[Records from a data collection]
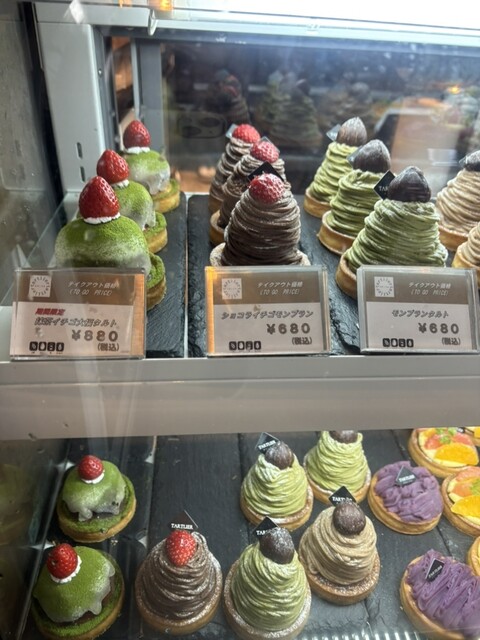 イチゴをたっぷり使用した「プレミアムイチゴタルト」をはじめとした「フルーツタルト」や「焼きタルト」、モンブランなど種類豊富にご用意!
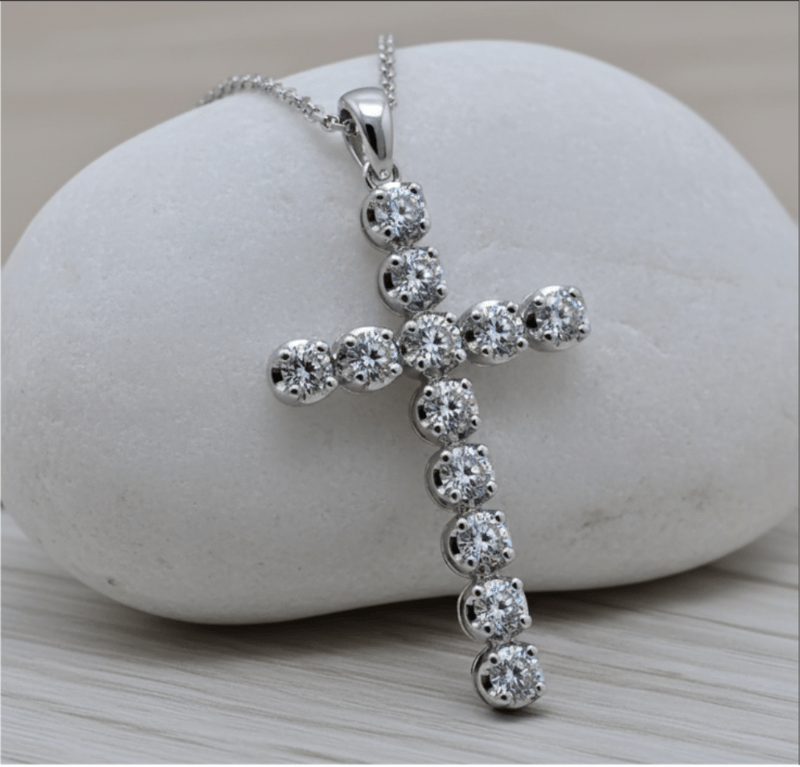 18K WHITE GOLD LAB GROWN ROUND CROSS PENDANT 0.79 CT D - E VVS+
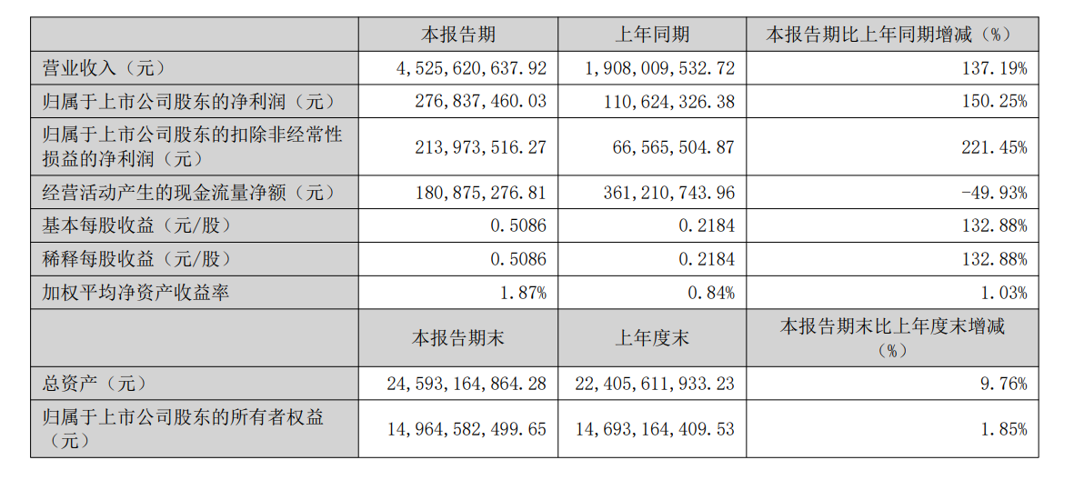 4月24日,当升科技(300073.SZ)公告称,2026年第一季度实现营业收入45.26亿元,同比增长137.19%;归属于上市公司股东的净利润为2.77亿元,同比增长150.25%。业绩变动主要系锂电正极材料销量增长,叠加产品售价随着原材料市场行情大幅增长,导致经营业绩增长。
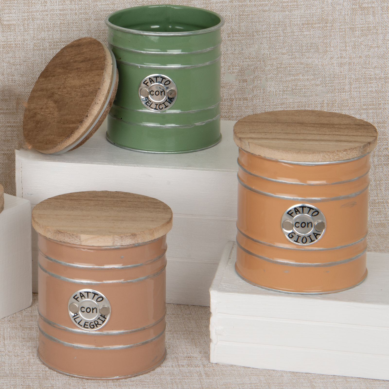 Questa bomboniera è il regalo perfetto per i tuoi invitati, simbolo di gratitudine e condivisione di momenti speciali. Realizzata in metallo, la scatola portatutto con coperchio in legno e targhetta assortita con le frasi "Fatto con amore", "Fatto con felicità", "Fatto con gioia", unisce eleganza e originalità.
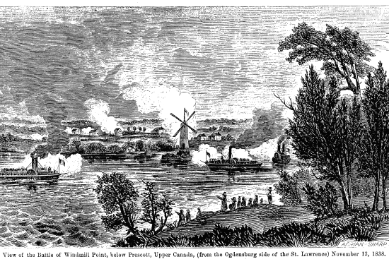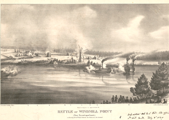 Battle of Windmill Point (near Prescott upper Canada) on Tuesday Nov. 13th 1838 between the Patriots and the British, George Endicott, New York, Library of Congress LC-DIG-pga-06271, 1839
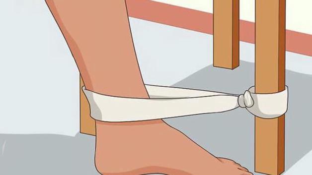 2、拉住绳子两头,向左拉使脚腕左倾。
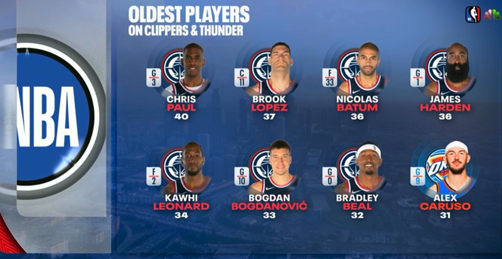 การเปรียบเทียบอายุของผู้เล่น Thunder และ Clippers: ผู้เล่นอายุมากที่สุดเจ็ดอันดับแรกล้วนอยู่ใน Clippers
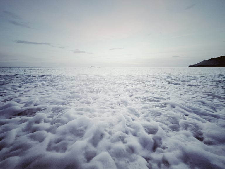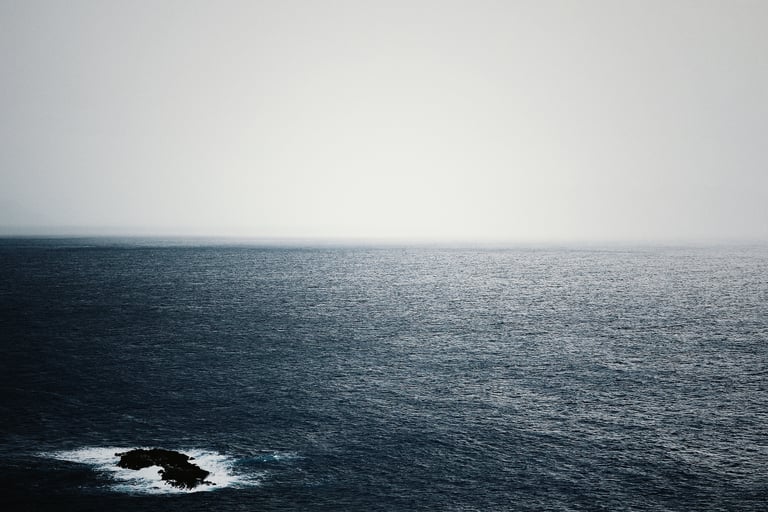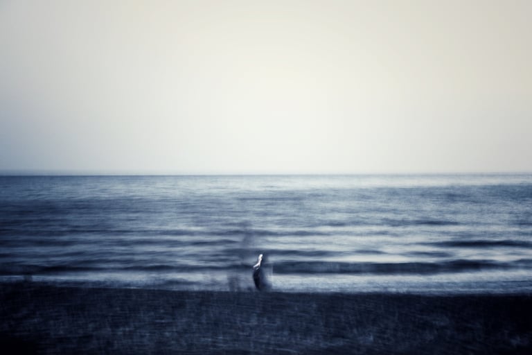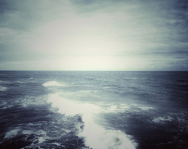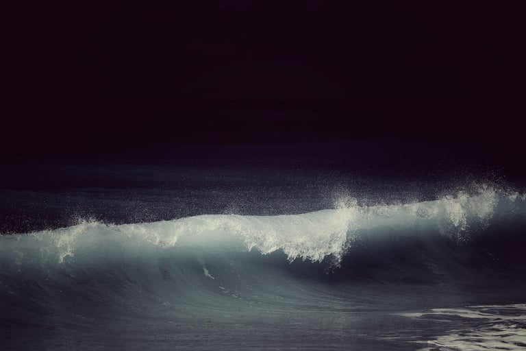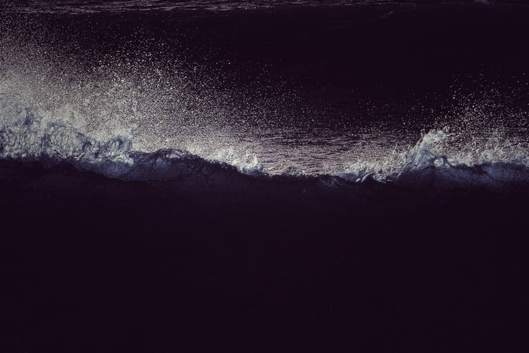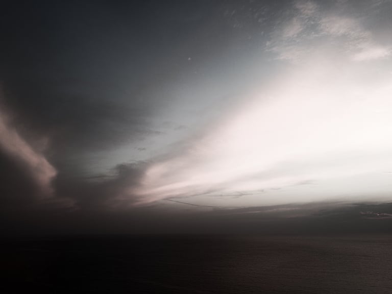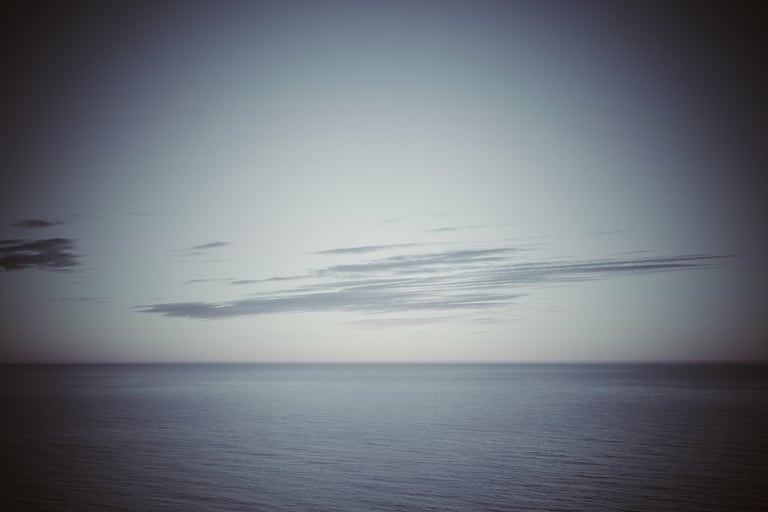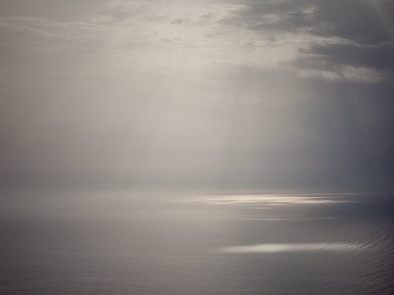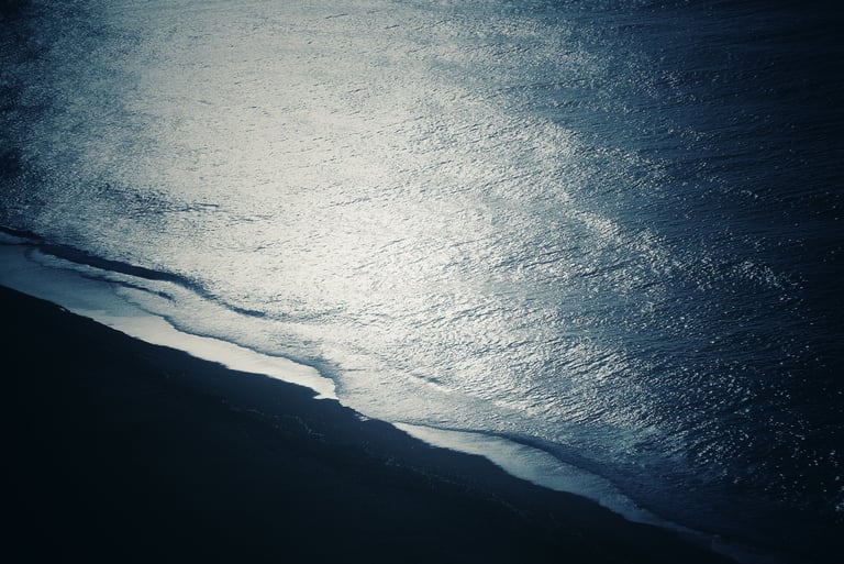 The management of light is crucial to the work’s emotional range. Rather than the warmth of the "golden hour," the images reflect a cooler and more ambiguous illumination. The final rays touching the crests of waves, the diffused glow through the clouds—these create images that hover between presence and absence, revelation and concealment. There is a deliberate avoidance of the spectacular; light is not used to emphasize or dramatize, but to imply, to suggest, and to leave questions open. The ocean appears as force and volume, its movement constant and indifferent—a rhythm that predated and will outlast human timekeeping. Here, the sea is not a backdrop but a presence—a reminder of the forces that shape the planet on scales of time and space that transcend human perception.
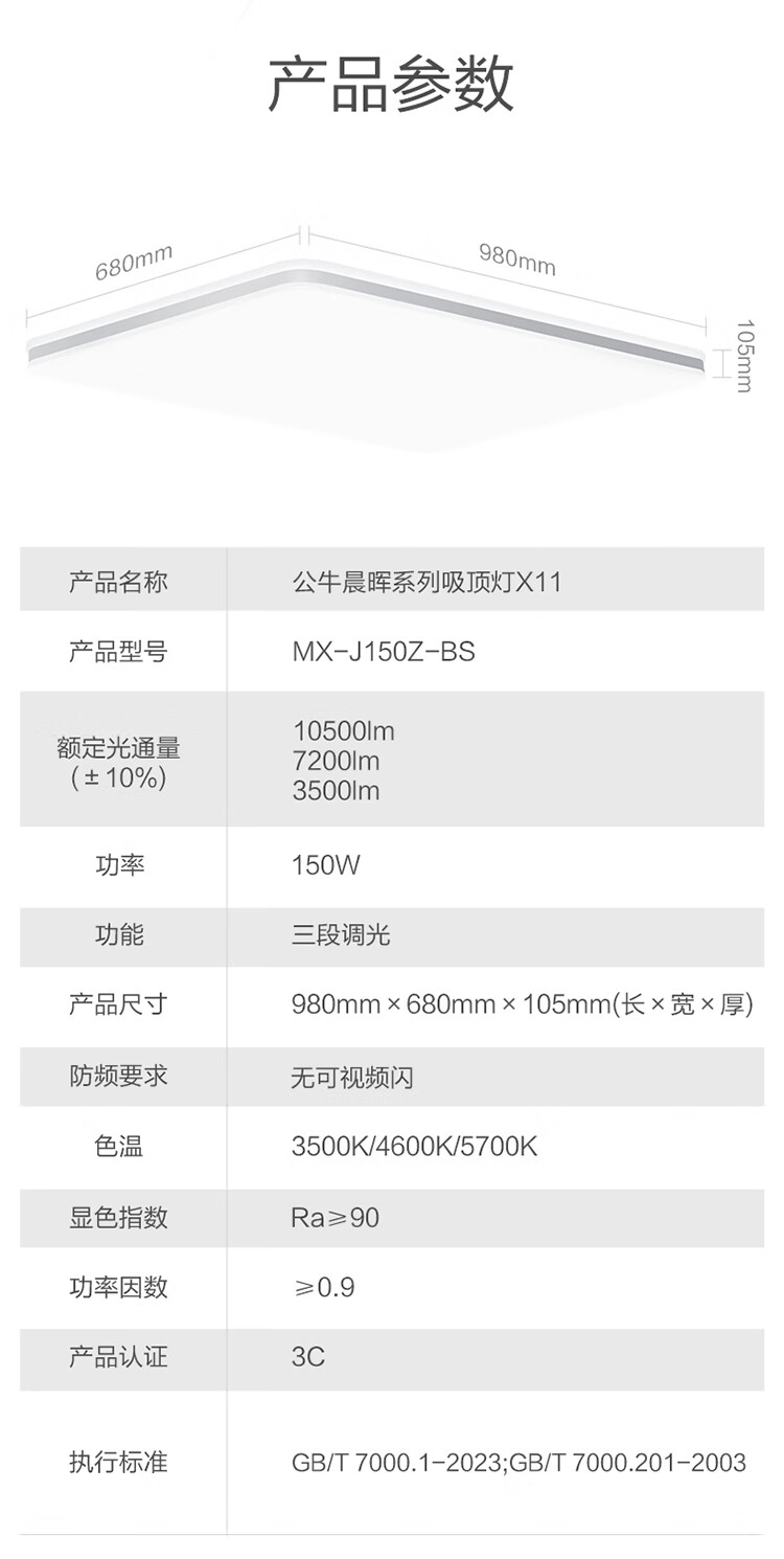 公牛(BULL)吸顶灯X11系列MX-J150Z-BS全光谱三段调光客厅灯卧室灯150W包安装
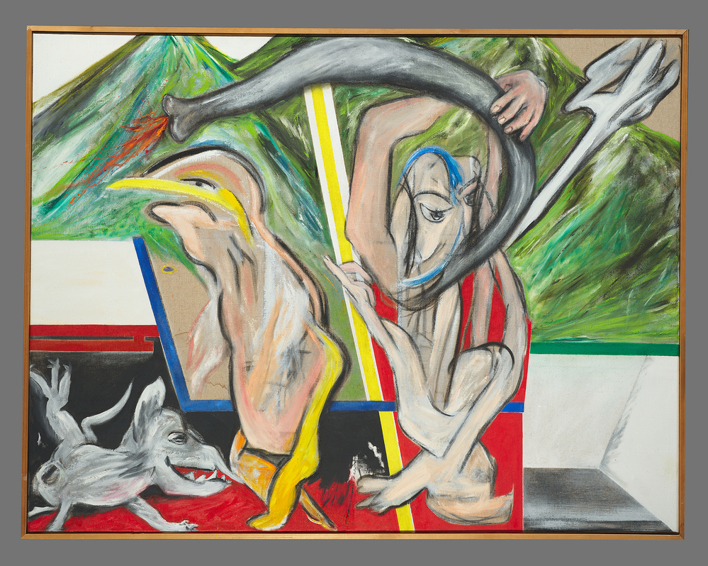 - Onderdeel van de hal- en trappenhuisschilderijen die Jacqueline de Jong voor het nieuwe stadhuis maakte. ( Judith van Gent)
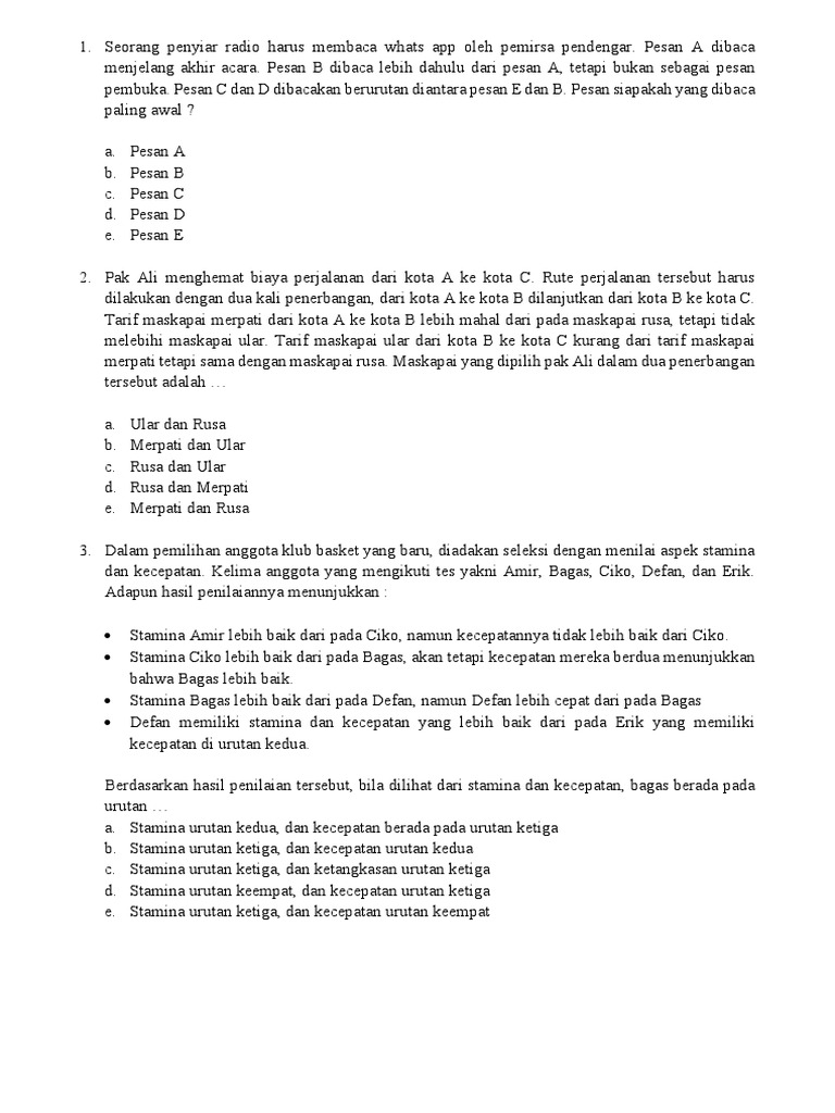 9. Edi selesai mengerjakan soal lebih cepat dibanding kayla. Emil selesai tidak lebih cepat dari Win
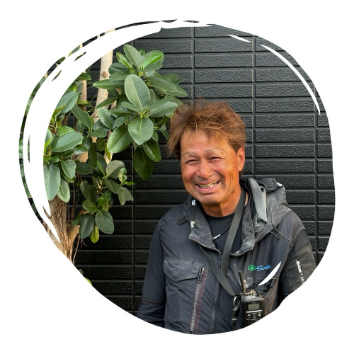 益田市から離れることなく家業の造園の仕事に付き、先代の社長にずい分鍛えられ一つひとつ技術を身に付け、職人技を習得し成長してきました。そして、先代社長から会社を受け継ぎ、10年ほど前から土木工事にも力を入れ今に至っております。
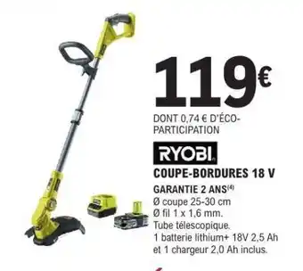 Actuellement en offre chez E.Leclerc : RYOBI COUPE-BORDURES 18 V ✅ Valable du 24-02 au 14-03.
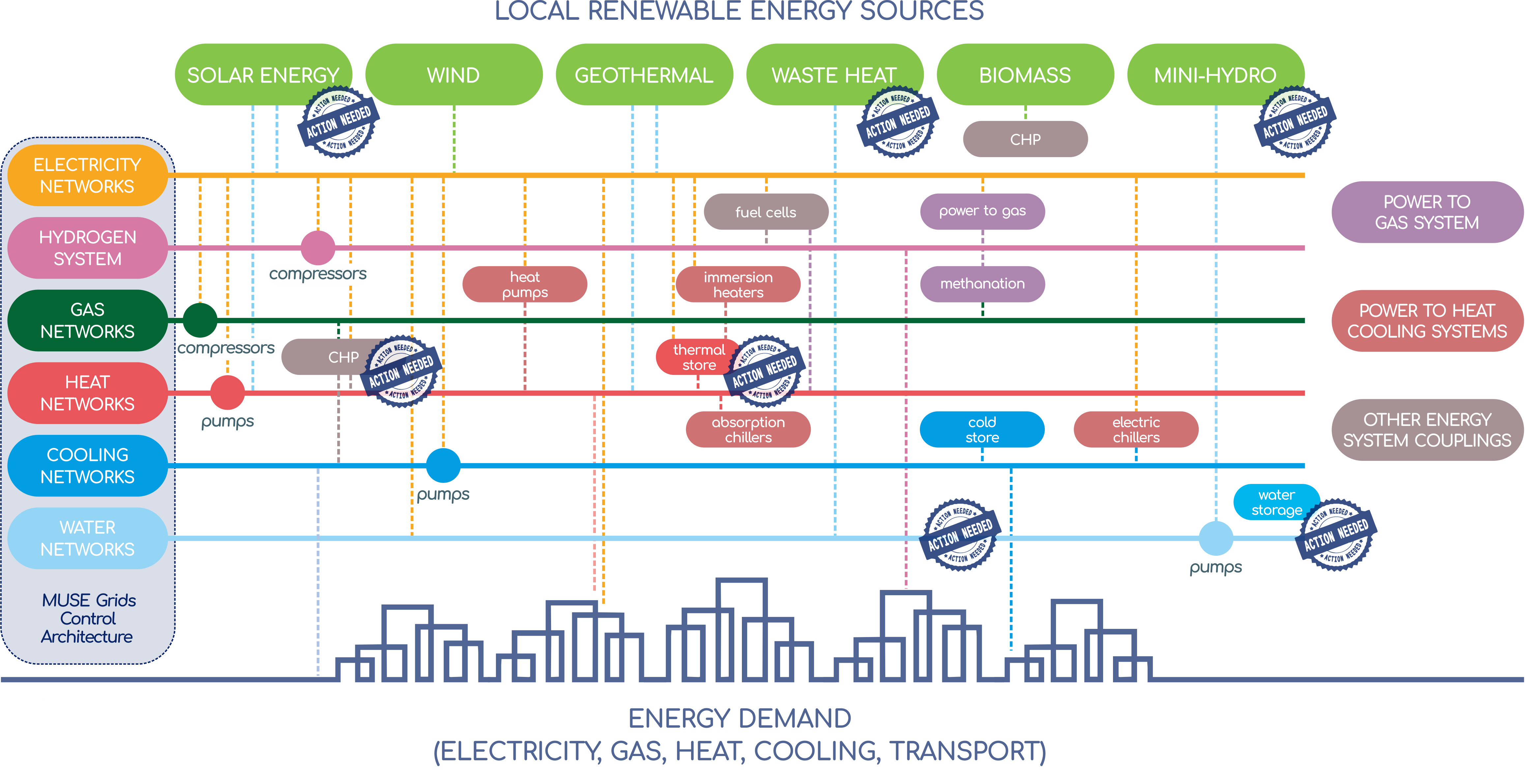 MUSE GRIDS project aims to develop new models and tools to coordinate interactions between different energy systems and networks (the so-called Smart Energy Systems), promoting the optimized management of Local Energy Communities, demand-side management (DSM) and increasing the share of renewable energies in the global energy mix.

Aim of the task:
The copy should hold exactly the lines from the line containing "9. Edi selesai" through the end of the data, both ends included, and no pictures.

Solution for this exercise:
 9. Edi selesai mengerjakan soal lebih cepat dibanding kayla. Emil selesai tidak lebih cepat dari Win
 益田市から離れることなく家業の造園の仕事に付き、先代の社長にずい分鍛えられ一つひとつ技術を身に付け、職人技を習得し成長してきました。そして、先代社長から会社を受け継ぎ、10年ほど前から土木工事にも力を入れ今に至っております。
 Actuellement en offre chez E.Leclerc : RYOBI COUPE-BORDURES 18 V ✅ Valable du 24-02 au 14-03.
 MUSE GRIDS project aims to develop new models and tools to coordinate interactions between different energy systems and networks (the so-called Smart Energy Systems), promoting the optimized management of Local Energy Communities, demand-side management (DSM) and increasing the share of renewable energies in the global energy mix.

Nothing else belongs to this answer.